▸ **Material for the task**:
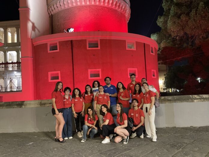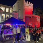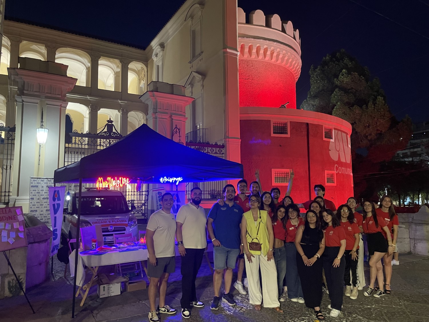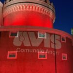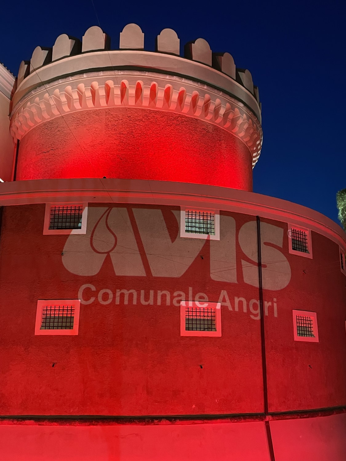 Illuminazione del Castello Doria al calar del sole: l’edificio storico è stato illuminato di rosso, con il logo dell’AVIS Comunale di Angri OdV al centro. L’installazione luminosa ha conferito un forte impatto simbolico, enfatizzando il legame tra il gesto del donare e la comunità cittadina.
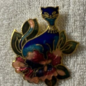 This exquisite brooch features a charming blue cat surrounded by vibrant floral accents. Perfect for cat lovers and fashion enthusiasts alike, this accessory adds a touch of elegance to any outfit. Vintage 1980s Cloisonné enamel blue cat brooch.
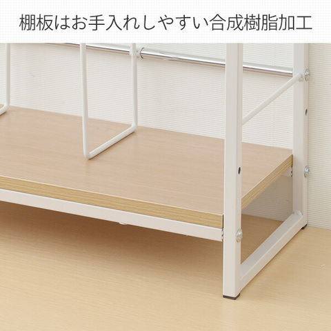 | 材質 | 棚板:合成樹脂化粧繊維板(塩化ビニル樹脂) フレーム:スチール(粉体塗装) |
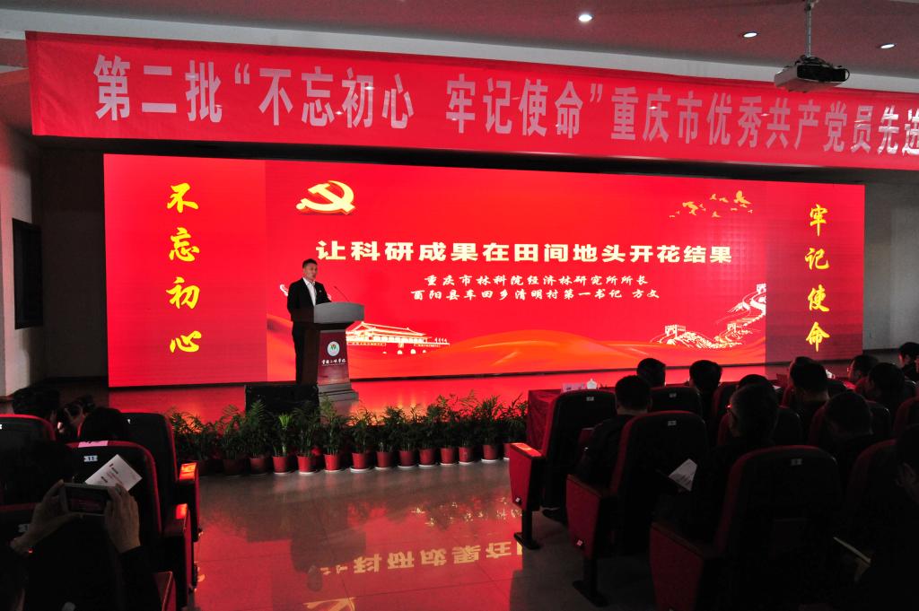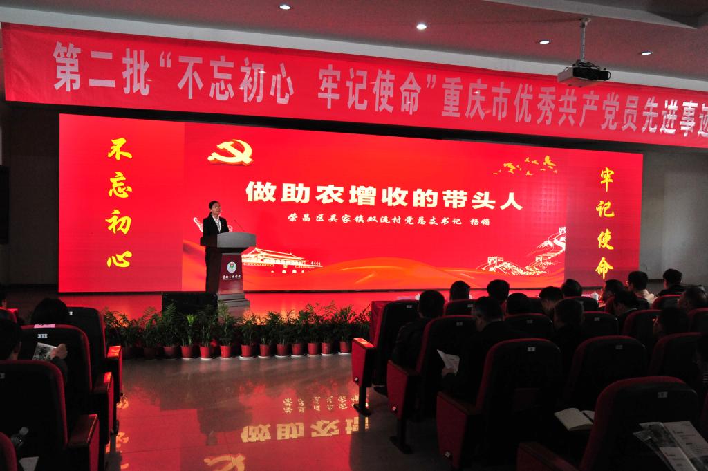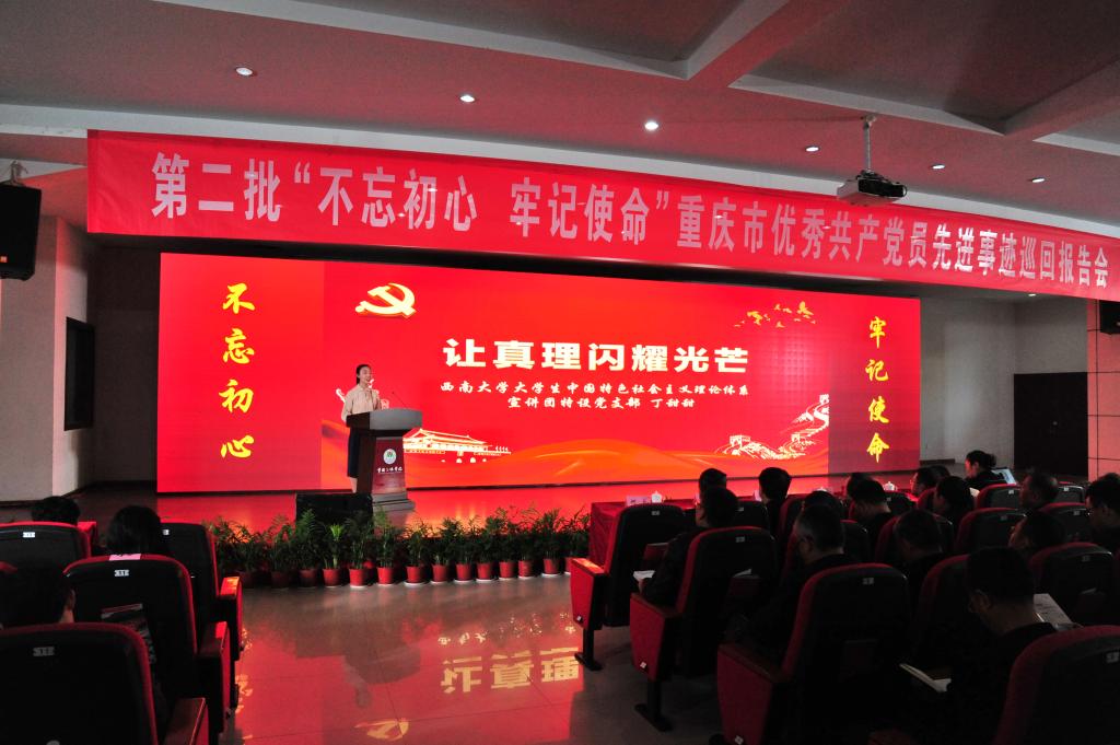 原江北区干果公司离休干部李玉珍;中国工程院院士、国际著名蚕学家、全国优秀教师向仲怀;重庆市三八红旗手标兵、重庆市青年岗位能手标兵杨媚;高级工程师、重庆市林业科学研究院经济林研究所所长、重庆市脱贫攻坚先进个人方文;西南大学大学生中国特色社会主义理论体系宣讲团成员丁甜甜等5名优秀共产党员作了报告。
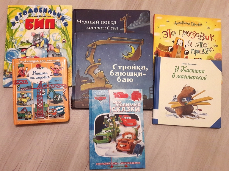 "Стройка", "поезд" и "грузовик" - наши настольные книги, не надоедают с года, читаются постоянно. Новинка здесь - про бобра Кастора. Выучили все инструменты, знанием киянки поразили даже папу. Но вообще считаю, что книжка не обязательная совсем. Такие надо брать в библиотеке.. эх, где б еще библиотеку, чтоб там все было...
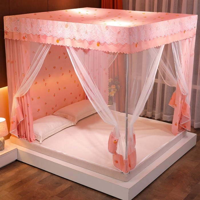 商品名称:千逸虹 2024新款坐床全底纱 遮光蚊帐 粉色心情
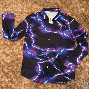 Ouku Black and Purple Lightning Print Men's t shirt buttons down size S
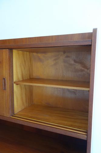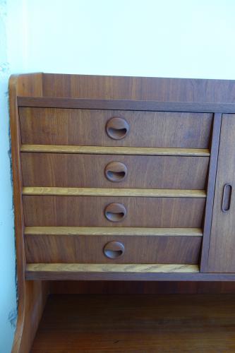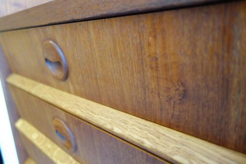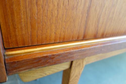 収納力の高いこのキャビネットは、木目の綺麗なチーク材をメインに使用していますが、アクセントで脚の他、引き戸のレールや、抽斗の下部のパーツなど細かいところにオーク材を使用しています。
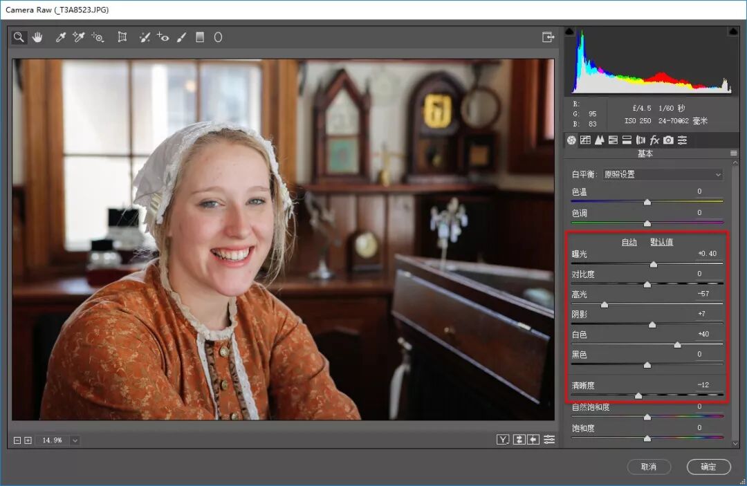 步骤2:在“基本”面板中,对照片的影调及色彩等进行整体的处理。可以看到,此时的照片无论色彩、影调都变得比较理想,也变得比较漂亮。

▸ **What you should do**:
Exactly as they appear, please return only the lines from the first line of the records through the line containing "This exquisite brooch", both included, leaving out all pictures.

▸ **Exercise solution**:
 Illuminazione del Castello Doria al calar del sole: l’edificio storico è stato illuminato di rosso, con il logo dell’AVIS Comunale di Angri OdV al centro. L’installazione luminosa ha conferito un forte impatto simbolico, enfatizzando il legame tra il gesto del donare e la comunità cittadina.
 This exquisite brooch features a charming blue cat surrounded by vibrant floral accents. Perfect for cat lovers and fashion enthusiasts alike, this accessory adds a touch of elegance to any outfit. Vintage 1980s Cloisonné enamel blue cat brooch.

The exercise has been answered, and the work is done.